Author: Tineke Koster
As I am writing this, volunteers are rekeying our 17th century newspapers articles. Optical character recognition of the gothic text type in use at the time has yielded poor results, making this part of our digital collection nearly inaccessible for full-text search. The Meertens institute, who have an excellent track record when it comes to crowdsourcing, has developed the editor (Dutch). Together with them we are working towards a full update of all newspaper issues from 1618 to 1700 that are available in our website Delpher.
Great news and, for some researchers, an eagerly awaited development. A bright future beckons in which our digital text corpus is 100% correct, just waiting to be mined for dynamic phenomena and paradigm shifts.
But we have to realize that without the proper precautions, correcting digital texts may also hinder researchers in their work. How so? These texts may have been used (browsed, mined, cited, etc.) by researchers in their earlier form. The improvement or enrichment may have consequences for the reproducibility of their research results.
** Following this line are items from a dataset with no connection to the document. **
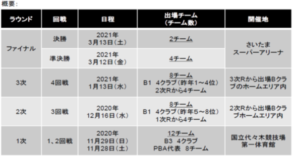 《3次R》B1クラブ4チーム(昨季Bリーグ内暫定順位1~4位)/2次Rから4チーム 計8チーム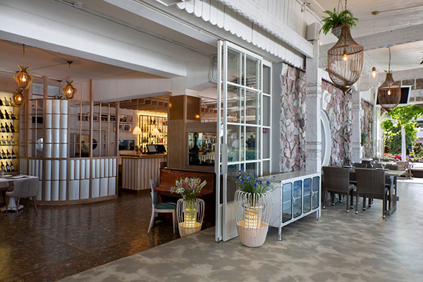 該紅網餐廳位于索契黑海沿岸是以鄉村風格為主題打造。公共服務臺被幾百片藍色小魚鱗所包圍,配以淡黃色的暗藏燈光,讓整個空間顯的格外的融洽。值得我們注意的是白色做舊柱子,每根柱子都互相連接并固定和支撐起來了所有頂棚承重,矩形柱體上的花紋是本地獨有的特色文化。餐廳四周是由碎拼文化石組成的墻面,該種材料在施工時須要凌亂錯綜復雜,排列時也不那么遵循規律性,而就是這種方式卻能快速把人帶進大自然的懷抱中。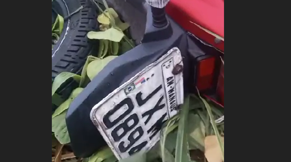 Ele compartilharam o vídeo e a placa da moto, em busca de informações sobre o que ocorreu. Ninguém sabe que é a vítima. A Factor 150, de placa JXM 0894 e o corpo estavam no meio do mato.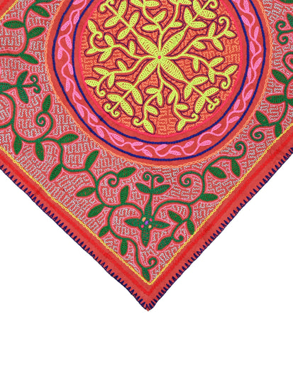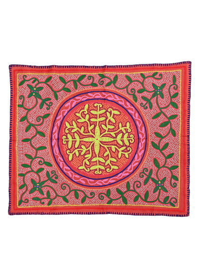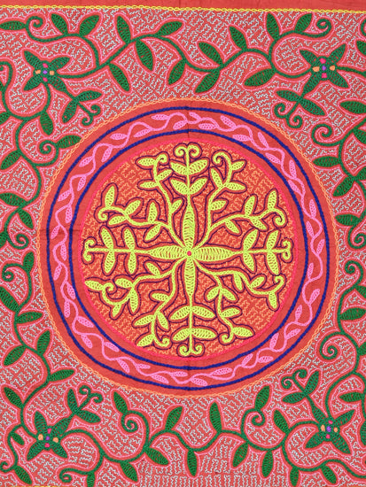 "The intricate pattern embroidered on this cloth is a song-pattern. Song patterns are geometrically fractal designs, tiny stitches, make up the background patterns were explained to be representative of the cosmic oneness. To the Shipibo, this oneness very literally connects all things in the universe. Over the top is the main song line, and these patterns are recognized holistically by the shaman as the main identifying characteristic of the corresponding icaro. When I observed the shamans singing a cloth, they would trace their index finger along this main song line pattern, the melody rising or descending in general accordance with the rise and fall of the line. Along the main song line itself and at various points of intersection along its path, can be seen the beautiful geometric designs called the floras. These flowers represent turning points where the song may take a new direction, such as a new verse or chorus."

For all researchers the need to reproduce research results is growing, with new guidelines due to new laws. There is also a specific group of researchers that need sustained access to older versions of digital text. The need is highest for research where the goal is to develop an algorithm and to assess its quality relative to previous versions of the same algorithm or to other algorithms. Without sustained access to older versions, these people cannot do their work.
Is it our role to provide this access? How the National Library of the Netherlands is thinking about this issue, I hope to explain in a later blogpost (soon!). Meanwhile, I would be very interested to hear your experiences. How is this subject discussed in your organization? Does your organization have a policy in place to deal with this?